== Task prompt ==
Repeat verbatim, and only, the lines of the data below, beginning at the line that contains "Назад к обои" and stopping after the line that contains "MOTHER CAT AND".

== Exercise inputs ==
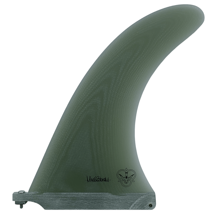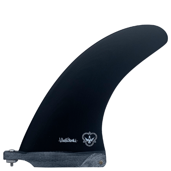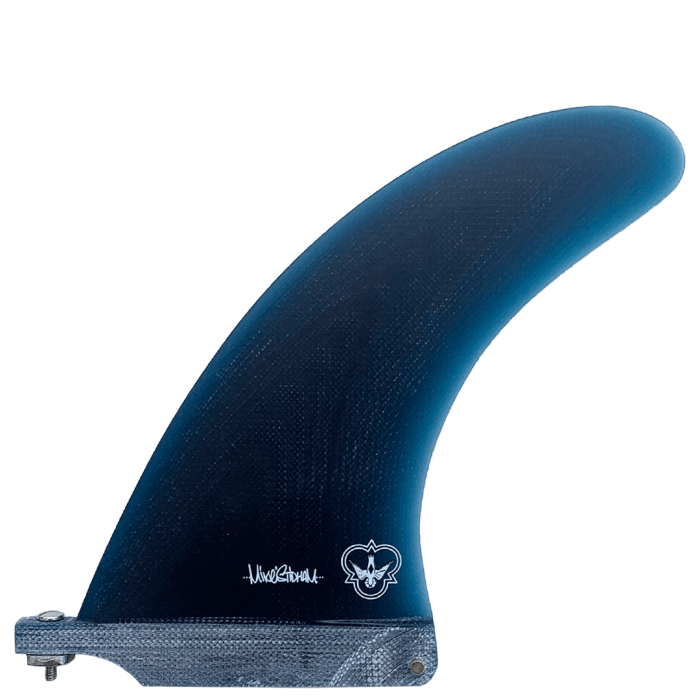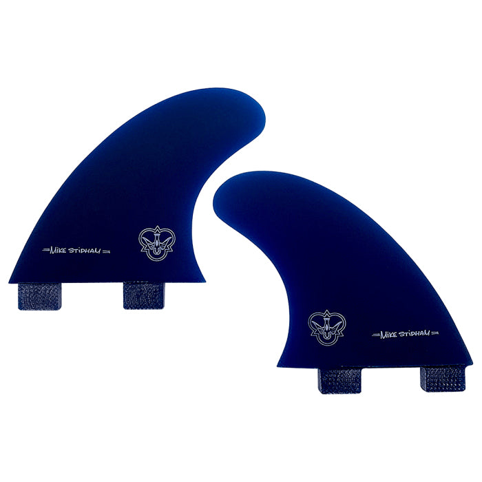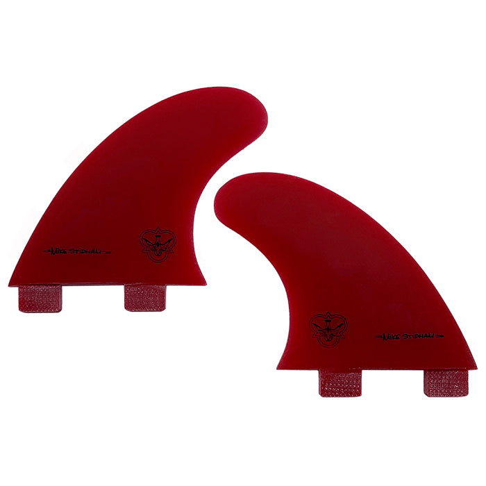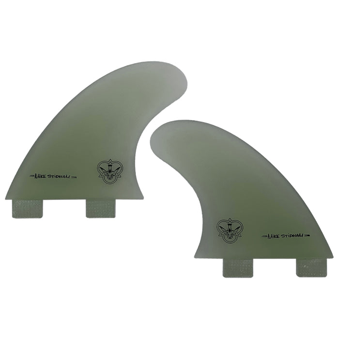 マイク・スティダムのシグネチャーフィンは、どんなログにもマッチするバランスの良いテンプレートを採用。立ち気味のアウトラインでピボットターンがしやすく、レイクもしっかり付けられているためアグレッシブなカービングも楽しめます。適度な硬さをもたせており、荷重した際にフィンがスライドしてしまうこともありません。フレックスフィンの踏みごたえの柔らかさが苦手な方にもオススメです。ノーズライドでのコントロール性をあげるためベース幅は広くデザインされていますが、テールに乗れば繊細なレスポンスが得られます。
* * *
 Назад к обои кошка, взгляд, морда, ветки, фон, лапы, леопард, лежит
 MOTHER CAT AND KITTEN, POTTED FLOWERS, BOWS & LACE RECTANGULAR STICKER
--
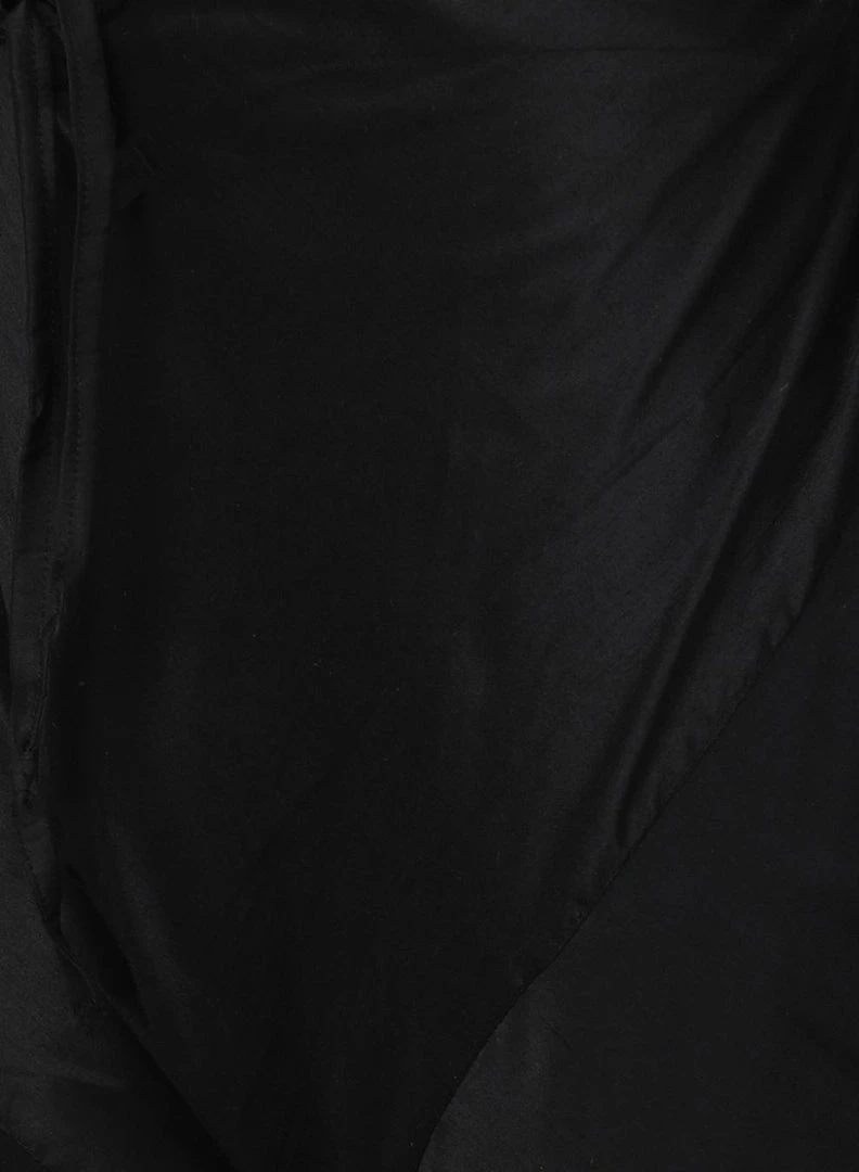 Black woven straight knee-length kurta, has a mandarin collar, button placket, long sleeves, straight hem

== Reply to the exercise ==
 Назад к обои кошка, взгляд, морда, ветки, фон, лапы, леопард, лежит
 MOTHER CAT AND KITTEN, POTTED FLOWERS, BOWS & LACE RECTANGULAR STICKER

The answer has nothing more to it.